Is it fair to say that there was some uncertainty, both with Trump and with all of us, about what the Bidens were doing over there?
There were, right? You and I don't exactly know why it is that Hunter Biden got paid so much, other than it looks sketchy, right?
Wouldn't you like to know?
Don't we all have a right to know?
Shouldn't we know what was going on if Biden is leading in the polls in a matchup in the general election?
It's the most, I would say, if you were to rank all the things that the president should be doing, you could make an argument that should be first.
If you want to make a rank of all the things President Trump should do, the highest priority to the lowest, I would say close to the highest would be making sure that the guy who's leading in the polls to become president of the United States doesn't have what looks like an obvious Conflict of interest with a major country that's connected to Russia.
How is that not the president's top priority, given that we don't have a war going on that's a hot war right now and the economy is chugging along?
I would say that might have been the president's top priority, even if when they look into it there's nothing there.
There might be nothing there.
But certainly looking into it, it's got to be a top priority.
All right. Then Zelensky says, I heard the prosecutor was treated very badly.
Oh, no, this was still Trump saying.
Trump said, I heard the prosecutor was treated very badly, and he was a very fair prosecutor.
I guess that's up to debate.
So good luck with everything.
And then the president says, your economy is going to get better and better, I predict.
You have a lot of assets.
It's a great country. And then he says he has many Ukrainian friends.
So there's the president. He likes to paint that picture of everything's going to be good for you.
But it's also sort of suggested that their good working with each other might be part of it, even though he doesn't state that.
It's just sort of the proximity to it that makes you think, well, there's something about this productive...
You know, working with the United States and the fact that you're a great country, something good can happen.
And then Zelensky throws in that on some trips to the United States, he stayed at Trump Tower.
I love that part.
Zelensky just like tosses that in and I stayed at Trump Tower.
What does that do?
Concept of reciprocity.
You say to yourself, that is such a trivial thing.
There is no way that the President of the United States is going to be influenced by one guy staying at his hotel.
He's a billionaire. It couldn't possibly matter.
Now, well, somebody's saying it's flattery.
I don't know. I wouldn't say that was flattery.
When he threw in that he was staying at Trump Tower, I would say that was closer to the concept of reciprocity.
I gave you something.
And here's the thing. Reciprocity doesn't require you to give the same amount.
So a salesperson will say, hey, can I send you some tickets to the show?
You know, they're worth a few hundred bucks.
And you say, yeah, I can. And then you pick that vendor over the other vendors for a multi-million dollar project.
So the concept of reciprocity does not require equal value.
I could give you a stick of gum for nothing, just, hey, would you like some gum?

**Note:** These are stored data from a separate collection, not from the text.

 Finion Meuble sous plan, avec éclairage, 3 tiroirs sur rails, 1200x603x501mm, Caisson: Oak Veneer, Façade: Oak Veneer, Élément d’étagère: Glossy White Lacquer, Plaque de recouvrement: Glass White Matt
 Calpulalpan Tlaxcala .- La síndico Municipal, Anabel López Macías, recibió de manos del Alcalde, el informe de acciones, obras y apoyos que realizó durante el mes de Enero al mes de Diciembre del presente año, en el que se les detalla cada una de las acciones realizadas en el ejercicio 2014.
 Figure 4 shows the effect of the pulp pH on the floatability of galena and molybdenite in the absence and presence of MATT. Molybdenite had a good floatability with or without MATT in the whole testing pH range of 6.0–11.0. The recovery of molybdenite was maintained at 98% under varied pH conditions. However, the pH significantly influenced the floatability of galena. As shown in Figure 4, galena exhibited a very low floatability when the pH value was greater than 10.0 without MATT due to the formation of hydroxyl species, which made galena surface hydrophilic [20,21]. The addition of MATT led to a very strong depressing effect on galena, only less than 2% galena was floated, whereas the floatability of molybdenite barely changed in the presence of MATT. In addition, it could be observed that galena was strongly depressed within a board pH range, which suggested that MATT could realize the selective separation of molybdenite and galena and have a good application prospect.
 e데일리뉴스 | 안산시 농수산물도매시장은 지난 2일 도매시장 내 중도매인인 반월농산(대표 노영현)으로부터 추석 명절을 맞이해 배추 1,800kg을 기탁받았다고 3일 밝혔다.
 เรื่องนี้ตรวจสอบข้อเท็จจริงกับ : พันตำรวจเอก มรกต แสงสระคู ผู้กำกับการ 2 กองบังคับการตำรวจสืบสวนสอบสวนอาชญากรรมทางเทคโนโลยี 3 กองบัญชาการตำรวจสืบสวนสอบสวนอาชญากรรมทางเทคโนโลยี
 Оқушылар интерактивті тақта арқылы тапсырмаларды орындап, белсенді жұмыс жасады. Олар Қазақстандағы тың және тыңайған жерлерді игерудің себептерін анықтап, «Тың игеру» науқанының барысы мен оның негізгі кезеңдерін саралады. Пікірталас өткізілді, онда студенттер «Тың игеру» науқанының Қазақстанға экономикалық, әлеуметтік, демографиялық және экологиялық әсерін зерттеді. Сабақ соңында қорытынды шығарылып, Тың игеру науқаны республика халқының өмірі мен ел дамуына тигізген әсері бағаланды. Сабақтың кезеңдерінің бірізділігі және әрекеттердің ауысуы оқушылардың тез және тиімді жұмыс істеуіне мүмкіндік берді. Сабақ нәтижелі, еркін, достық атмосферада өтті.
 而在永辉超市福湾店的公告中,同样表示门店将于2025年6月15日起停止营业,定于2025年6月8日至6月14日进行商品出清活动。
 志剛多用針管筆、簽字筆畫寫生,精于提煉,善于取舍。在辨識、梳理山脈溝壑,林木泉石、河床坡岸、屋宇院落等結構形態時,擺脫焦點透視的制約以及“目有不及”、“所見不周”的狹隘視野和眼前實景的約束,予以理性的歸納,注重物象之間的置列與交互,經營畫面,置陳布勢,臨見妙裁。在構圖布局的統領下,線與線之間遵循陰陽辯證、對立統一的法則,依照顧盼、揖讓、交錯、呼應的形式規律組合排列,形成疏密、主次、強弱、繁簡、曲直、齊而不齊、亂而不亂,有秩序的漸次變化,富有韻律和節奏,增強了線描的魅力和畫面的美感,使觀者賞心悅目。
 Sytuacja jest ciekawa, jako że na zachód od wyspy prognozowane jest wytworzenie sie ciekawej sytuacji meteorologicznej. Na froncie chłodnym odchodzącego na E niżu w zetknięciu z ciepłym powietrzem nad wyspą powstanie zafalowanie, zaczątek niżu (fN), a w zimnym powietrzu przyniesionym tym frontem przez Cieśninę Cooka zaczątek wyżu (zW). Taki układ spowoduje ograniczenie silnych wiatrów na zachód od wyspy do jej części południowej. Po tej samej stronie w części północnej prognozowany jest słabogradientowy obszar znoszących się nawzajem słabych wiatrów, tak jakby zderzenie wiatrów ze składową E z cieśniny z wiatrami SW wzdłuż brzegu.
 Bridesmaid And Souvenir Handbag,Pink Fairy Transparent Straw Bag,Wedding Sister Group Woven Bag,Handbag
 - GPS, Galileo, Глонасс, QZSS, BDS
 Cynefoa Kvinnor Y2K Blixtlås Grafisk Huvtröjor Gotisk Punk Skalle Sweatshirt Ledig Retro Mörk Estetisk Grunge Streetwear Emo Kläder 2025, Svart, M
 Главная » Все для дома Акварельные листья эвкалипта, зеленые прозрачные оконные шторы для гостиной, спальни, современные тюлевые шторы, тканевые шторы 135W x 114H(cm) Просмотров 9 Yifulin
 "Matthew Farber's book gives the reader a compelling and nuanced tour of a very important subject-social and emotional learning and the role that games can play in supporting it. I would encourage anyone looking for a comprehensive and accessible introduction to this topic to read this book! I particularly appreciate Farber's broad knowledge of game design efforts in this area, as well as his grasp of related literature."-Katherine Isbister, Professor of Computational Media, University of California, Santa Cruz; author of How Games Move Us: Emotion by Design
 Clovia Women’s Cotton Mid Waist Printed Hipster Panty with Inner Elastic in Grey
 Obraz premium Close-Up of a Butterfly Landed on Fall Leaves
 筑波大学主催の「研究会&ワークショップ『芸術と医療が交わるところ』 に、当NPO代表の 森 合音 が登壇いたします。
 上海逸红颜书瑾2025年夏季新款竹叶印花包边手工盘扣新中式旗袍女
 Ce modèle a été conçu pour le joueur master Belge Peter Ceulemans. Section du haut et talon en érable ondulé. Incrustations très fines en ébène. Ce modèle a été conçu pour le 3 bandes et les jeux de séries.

And you will automatically be tuned to being friendlier to anything that I need later.
That's how reciprocity works.
So that little comment I stated at Trump Tower Good stuff.
Good stuff. Now, I don't know who's advising him, but I know he used the phrase win big, and I would be surprised if nobody on the Ukraine team read win bigly.
Just saying. So, I've got to run.
I've got somebody coming. Keep an eye out for Zelensky on the world stage.
Here's my prediction. Zelensky is going to be bigger than Ukraine.
Zelensky is going to be bigger than Ukraine because of skill.
That's my prediction. So that's all for today.